Extracted records:
◇ ◇ ◇

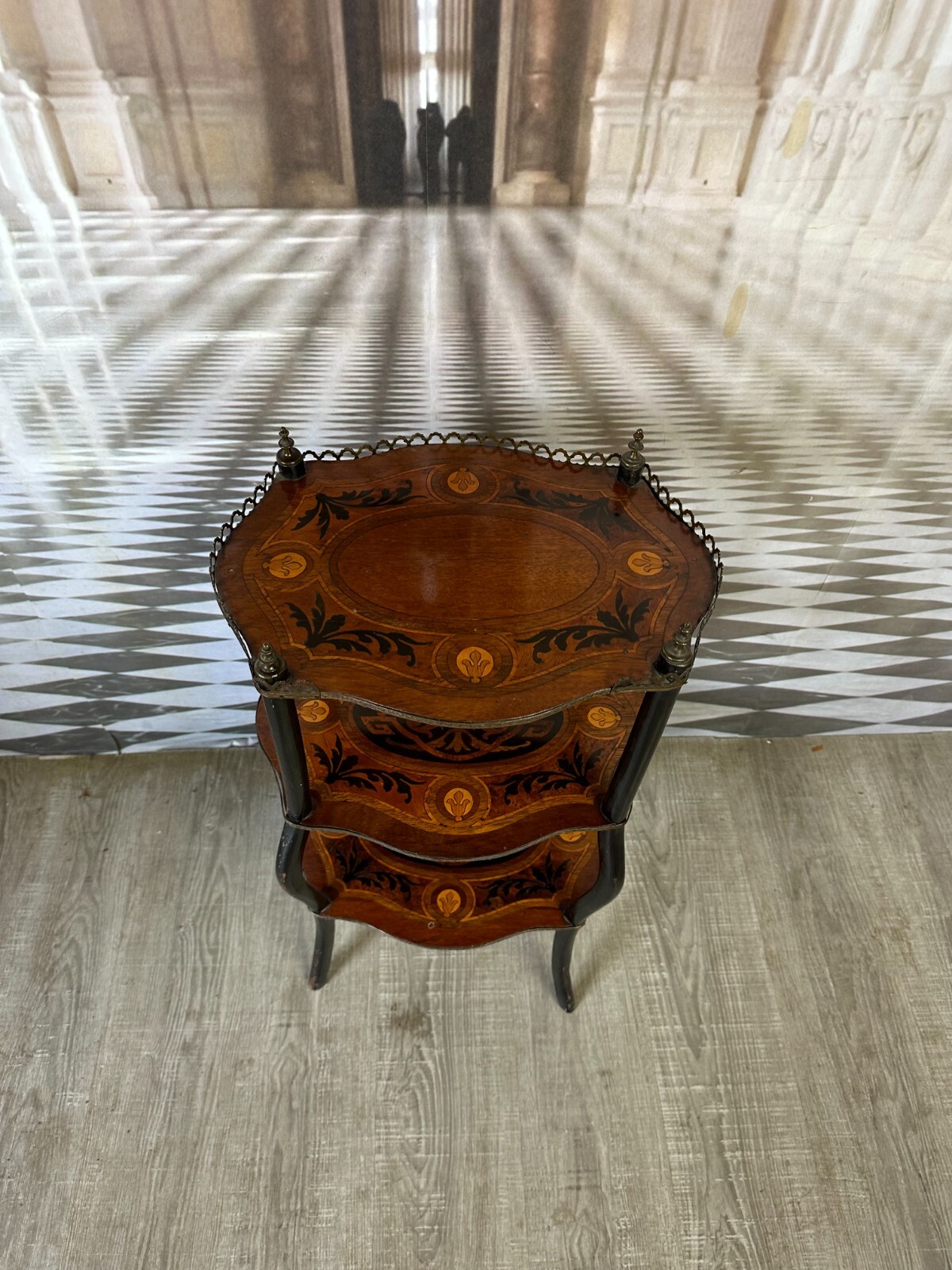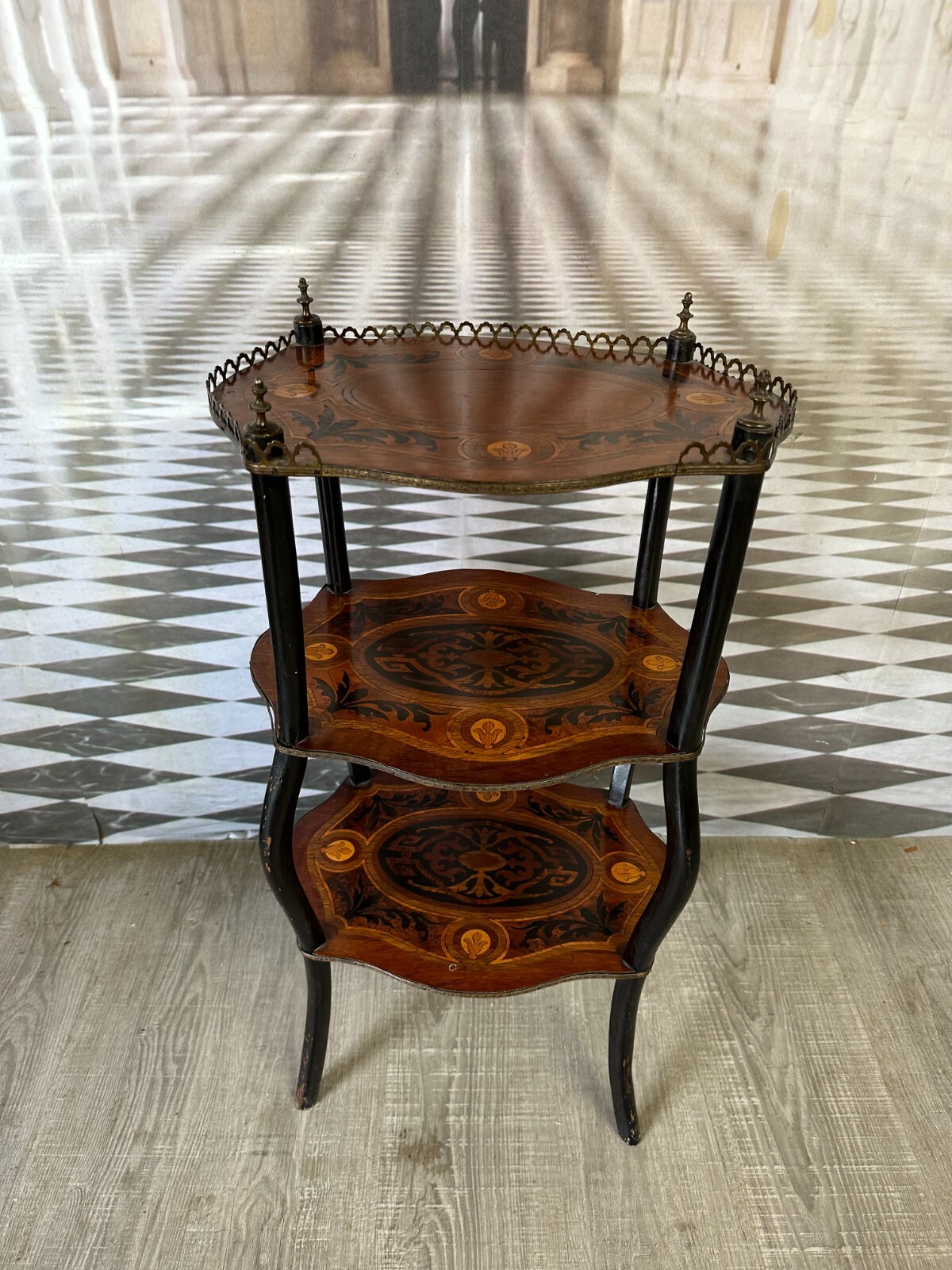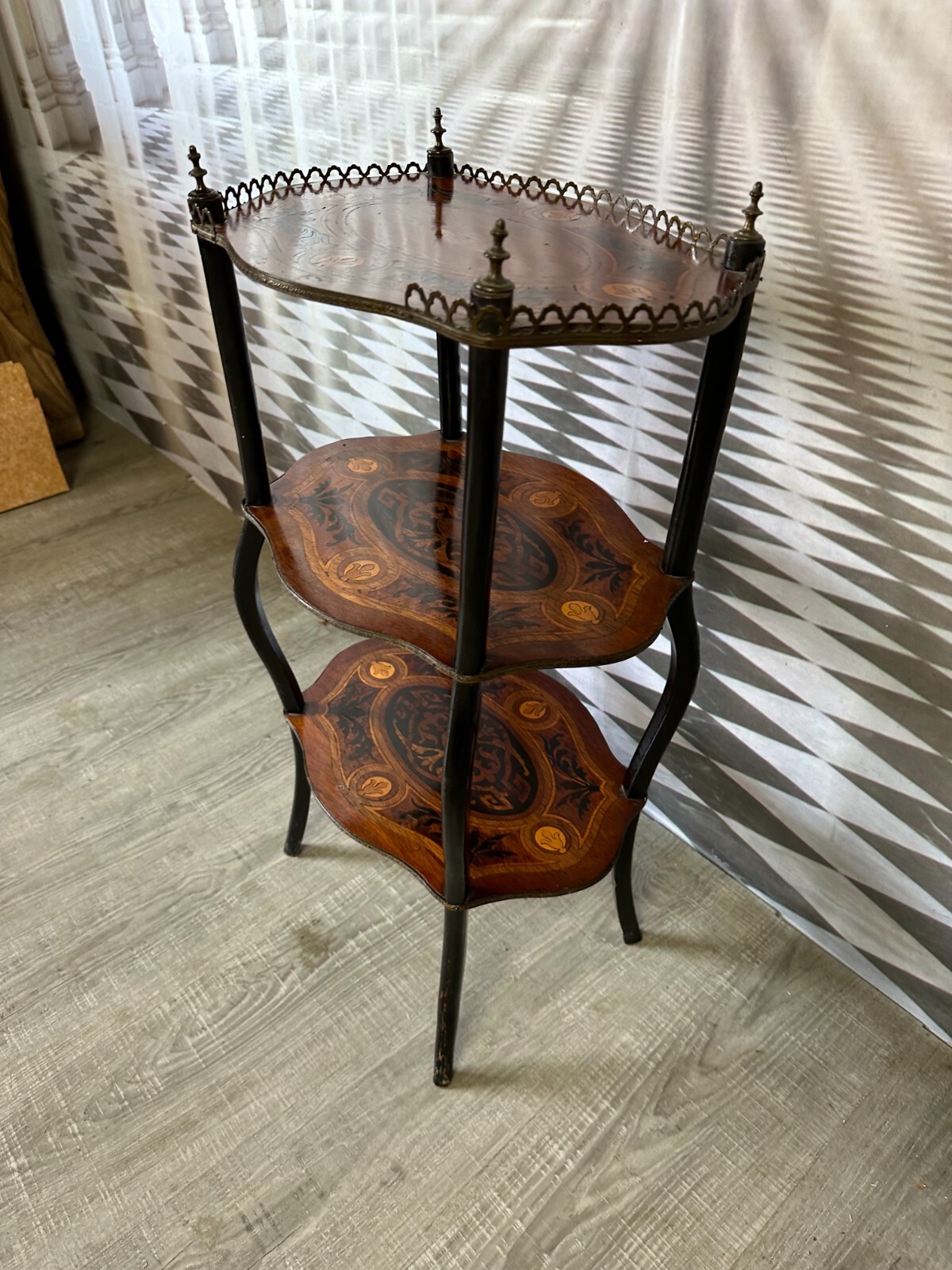 Antike Etagere um 1880, Holz mit Ebonisierung und Intarsien. Oberfläche zum Teil berieben. Die Beine sind durchgängig, die Platten aufgesteckt und insich verzogen. Die Messingappliken stehen zum Teil ab. Der Tisch ist aufgrund des Aufbaus wacklig (nur gesteckt, nicht gezapft). Abmessungen BTH 41/31/78cm. Die oberen Metallzapfen leicht verbogen. Die Ablagen leicht berieben und an der Unteren ein kleiner Fleck.
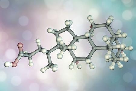Cholic acid molecule, 3D illustration. A major primary bile acid produced in the liver, it facilitates fat absorption and cholesterol excretion
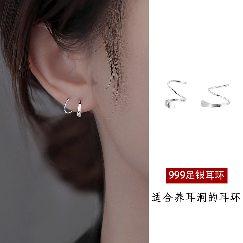 S999纯银耳环耳圈耳骨钉养耳洞耳骨环高级感素圈耳扣耳钉女耳饰男
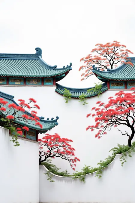 伝統的な中国建築の要素、白い壁、青緑色の屋根、赤い花の枝が咲き、鮮やかな古代風の景色を創出。
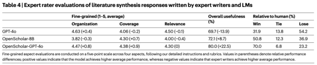 - 引用准确性:OpenScholar 的引用 F1 分数达到 47.9%,而 GPT-4o 几乎为 0。
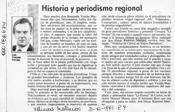 Historia y periodismo regional [artículo] Luis Valentín Ferrada.
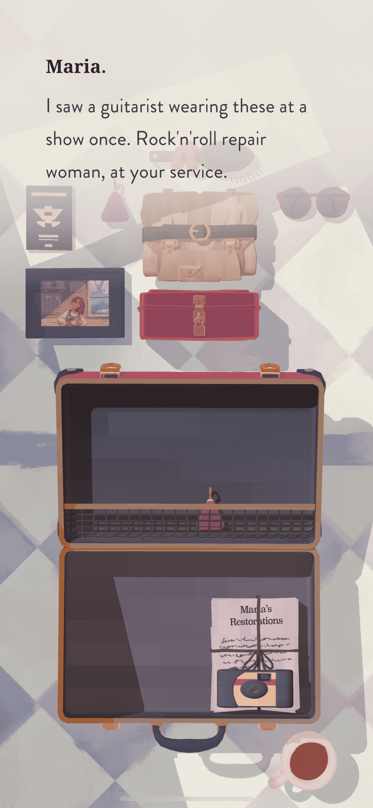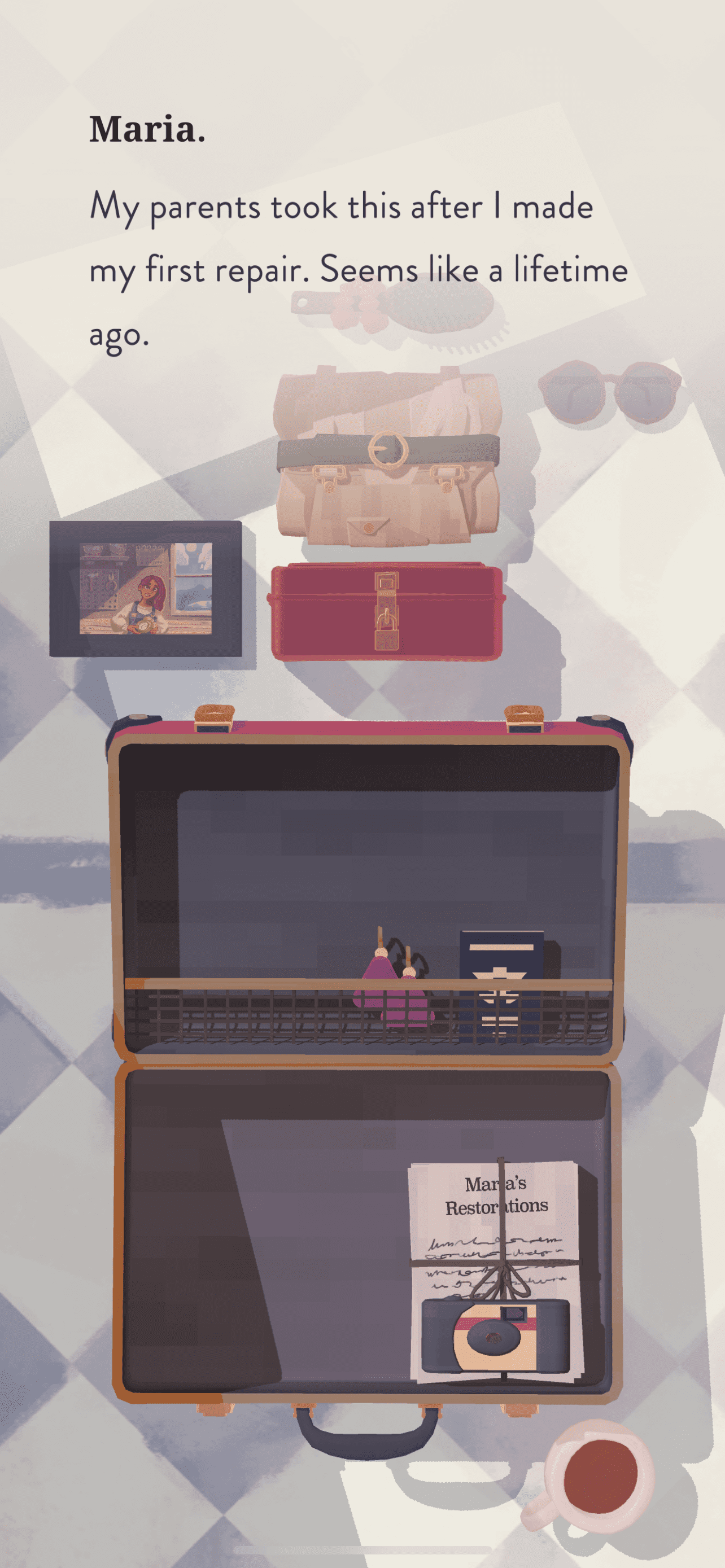 The game is divided into chapters, 14 of them as of now. Each chapter has a new object for you to fix, and a new place you get to visit. In chapter 1 – Arrival, you (Maria) reaches a place called Bellariva and unpacks her suitcase.
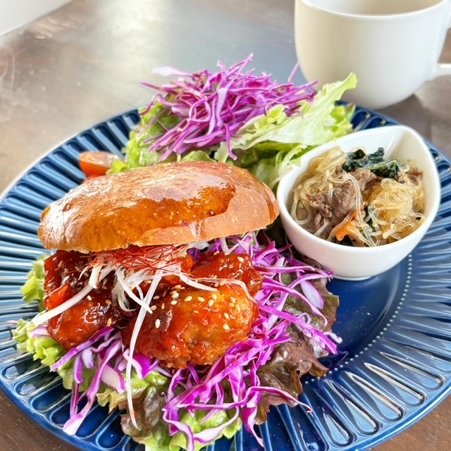 Aランチ:焼きたてバンズのヤンニョムチキンバーガー ¥1200 ドリンク付き¥1450

◇ ◇ ◇

Give back the data exactly. Pictures stay out.

Finished exercise:
 Antike Etagere um 1880, Holz mit Ebonisierung und Intarsien. Oberfläche zum Teil berieben. Die Beine sind durchgängig, die Platten aufgesteckt und insich verzogen. Die Messingappliken stehen zum Teil ab. Der Tisch ist aufgrund des Aufbaus wacklig (nur gesteckt, nicht gezapft). Abmessungen BTH 41/31/78cm. Die oberen Metallzapfen leicht verbogen. Die Ablagen leicht berieben und an der Unteren ein kleiner Fleck.
Cholic acid molecule, 3D illustration. A major primary bile acid produced in the liver, it facilitates fat absorption and cholesterol excretion
 S999纯银耳环耳圈耳骨钉养耳洞耳骨环高级感素圈耳扣耳钉女耳饰男
 伝統的な中国建築の要素、白い壁、青緑色の屋根、赤い花の枝が咲き、鮮やかな古代風の景色を創出。
 - 引用准确性:OpenScholar 的引用 F1 分数达到 47.9%,而 GPT-4o 几乎为 0。
 Historia y periodismo regional [artículo] Luis Valentín Ferrada.
 The game is divided into chapters, 14 of them as of now. Each chapter has a new object for you to fix, and a new place you get to visit. In chapter 1 – Arrival, you (Maria) reaches a place called Bellariva and unpacks her suitcase.
 Aランチ:焼きたてバンズのヤンニョムチキンバーガー ¥1200 ドリンク付き¥1450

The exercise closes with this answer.